Tilt/vibration sensor: This type of sensor (which we use in "Couch Pet-Ato project) detects motion or vibrations when the switch is mounted with the body of the sensor horizontal. When the sensor detects motion, it closes a switch, just like a toggle switch works.


Technically speaking, a microphone is a kind of sensor. However, there’s a lot to say about these sound-sensing devices, so we give microphones their own section.

How condenser (capacitor) microphones work

Capacitors are kind of like a voltage sandwich in that they have two plates, with a slab of voltage between them. A so-called condenser mike (also called a capacitor microphone) contains one plate made of a very light material that acts as a diaphragm. This plate vibrates when sound waves hit it. This moves the two plates apart, which changes capacitance (the ability to store electrons). Moving the plates farther apart decreases capacitance (discharging current), and moving them together increases capacitance (charging current). Condenser microphones aren’t cheap, but they give high-quality sound, so they are often the best choice for an audio-intensive project.

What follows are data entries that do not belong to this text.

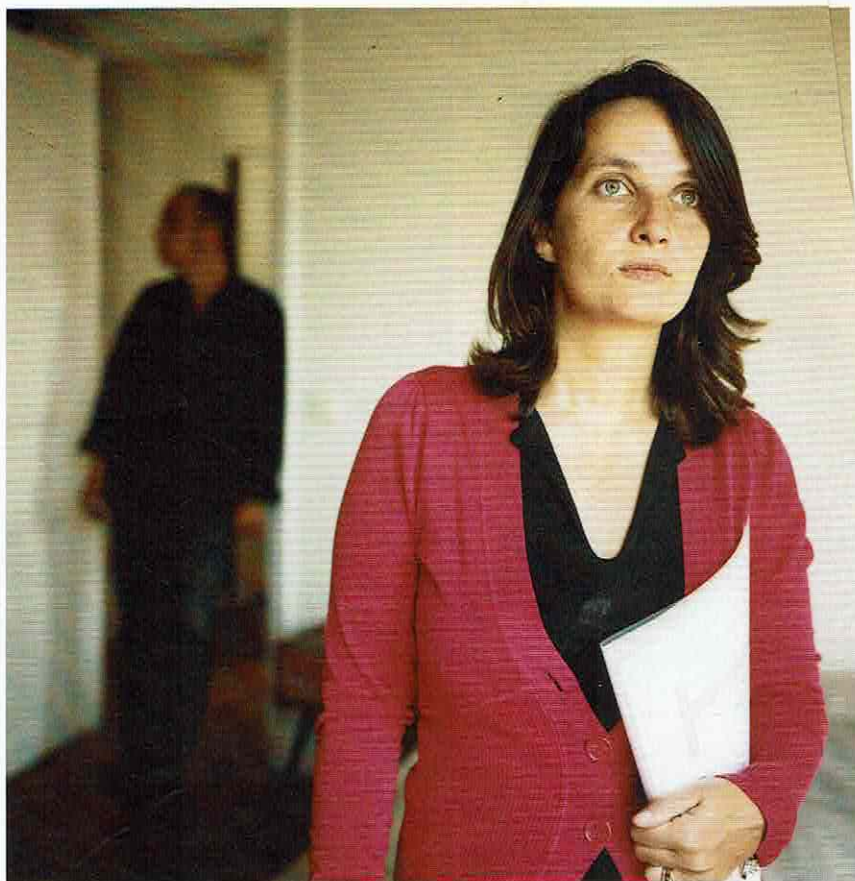
Acheter à deux oblige à se confronter à mille questions, sur soi et sur l'autre.
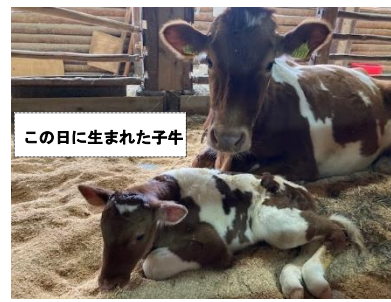
この日に生まれた子牛
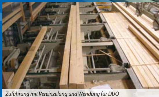
Zuführung mit Vereinzelung und Wendung für DUO

A better mousetrap: Electret capacitor microphones

Today, the most popular type of condenser microphone is the electret microphone (which gets its name from the combination of electrostatic and magnet), invented in 1962. The electret material used in this type of microphone is made by embedding a permanent charge in a material called a dielectric. A charge is embedded in a dielectric by aligning the charges in the material — sort of like how you make a magnet by aligning the atoms in a piece of iron. There is a preamplifier in an electret microphone, to which you provide a supply voltage. That’s why the projects in this book that use electret microphones have a connection through a resistor running between the plus (+) lead of the microphone and the +V bus to power the preamplifier. (The resistor reduces the voltage at the + lead of the microphone to the desired supply voltage.)


Size counts

When you order electret microphones, pay attention to the diameter and thickness because some can be hard to handle and solder. For most of our projects in this book, we use microphones with a diameter of about 3⁄8" and a thickness of about 2⁄10". A microphone cartridge with a diameter of about 1⁄4" and a thickness of about 1⁄10" turns out to be much harder to handle and solder to than a microphone cartridge of about 3⁄8" and a thickness of about 2⁄10". (Check out Chapter 6, where we bit the bullet and used a small microphone cartridge because that project needed some of the capabilities we couldn’t find in a larger microphone cartridge.) Many microphone cartridge sizes are specified in millimeters. To help you translate this, typical diameters of microphone casings are 6 mm (about 1⁄4") and 9.7 mm (about 3⁄8").

Measuring sensitivity

Sensitivity is another issue that you should pay attention to with microphone cartridges. Sensitivity is measured in decibels (dB) — and just to confuse you, this measurement is given as a negative number. A microphone cartridge with a sensitivity of –40 dB, for example, is more sensitive (provides higher voltage at a given level of sound) than a microphone cartridge with a sensitivity of –60. For example, for the project in Chapter 6 (which has to pick up very faint sounds as part of a parabolic microphone), you need a highly sensitive microphone cartridge. We use one with a sensitivity of –35 dB. In Chapter 14, in which you talk directly into the microphone to record a message, we use a less-sensitive microphone cartridge, rated at –64 dB.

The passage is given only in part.